[Start of Attachment]

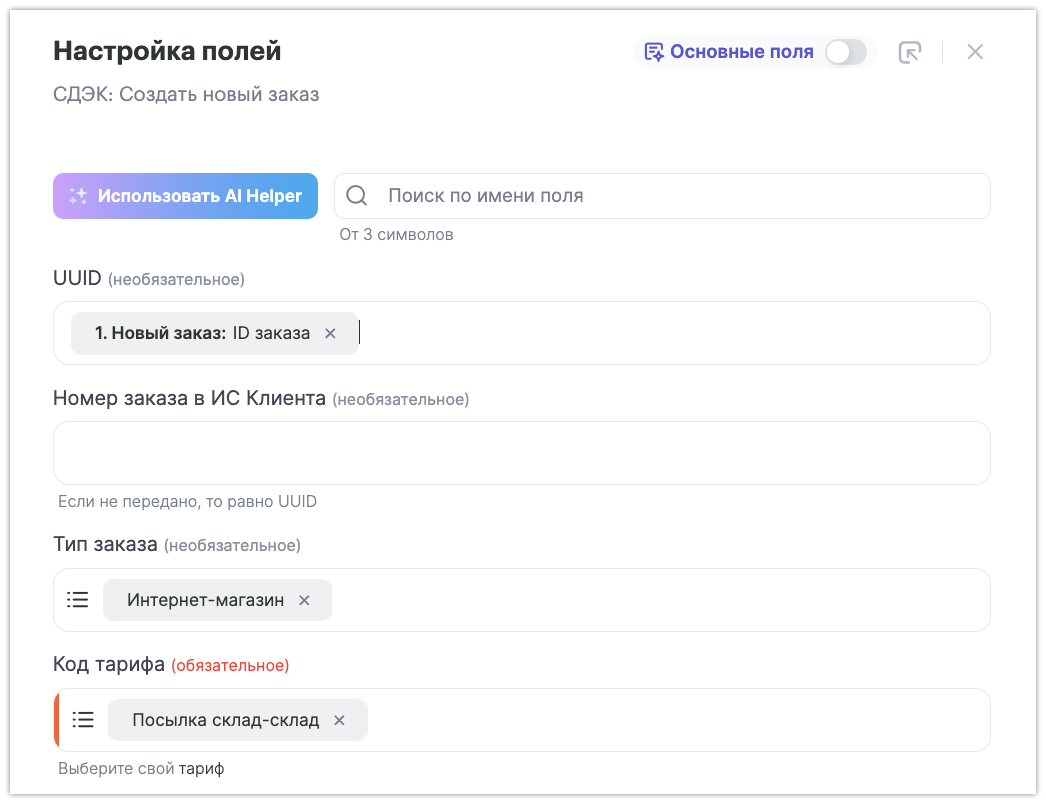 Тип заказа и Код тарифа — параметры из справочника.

[End of Attachment]
[Start of Attachment]

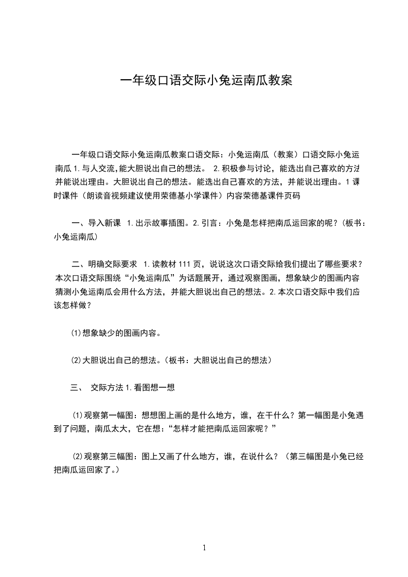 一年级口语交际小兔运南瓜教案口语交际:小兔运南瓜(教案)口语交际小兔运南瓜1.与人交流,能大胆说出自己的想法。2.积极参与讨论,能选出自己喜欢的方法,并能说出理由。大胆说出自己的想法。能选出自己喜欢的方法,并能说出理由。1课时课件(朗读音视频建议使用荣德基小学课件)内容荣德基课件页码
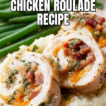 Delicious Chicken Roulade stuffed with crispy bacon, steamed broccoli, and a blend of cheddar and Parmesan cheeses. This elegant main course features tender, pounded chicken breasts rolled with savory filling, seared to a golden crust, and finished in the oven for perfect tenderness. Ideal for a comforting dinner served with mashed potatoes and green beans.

[End of Attachment]
[Start of Attachment]

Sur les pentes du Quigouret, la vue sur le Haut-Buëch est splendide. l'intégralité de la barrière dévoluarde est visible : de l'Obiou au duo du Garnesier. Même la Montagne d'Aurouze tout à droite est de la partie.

[End of Attachment]

→ Required work
Your copy should hold only the lines above from the one containing "一年级口语交际小兔运南瓜教案" through the one containing "Delicious Chicken Roulade", exactly as written and free of pictures.

→ Solution to the exercise
 一年级口语交际小兔运南瓜教案口语交际:小兔运南瓜(教案)口语交际小兔运南瓜1.与人交流,能大胆说出自己的想法。2.积极参与讨论,能选出自己喜欢的方法,并能说出理由。大胆说出自己的想法。能选出自己喜欢的方法,并能说出理由。1课时课件(朗读音视频建议使用荣德基小学课件)内容荣德基课件页码
 Delicious Chicken Roulade stuffed with crispy bacon, steamed broccoli, and a blend of cheddar and Parmesan cheeses. This elegant main course features tender, pounded chicken breasts rolled with savory filling, seared to a golden crust, and finished in the oven for perfect tenderness. Ideal for a comforting dinner served with mashed potatoes and green beans.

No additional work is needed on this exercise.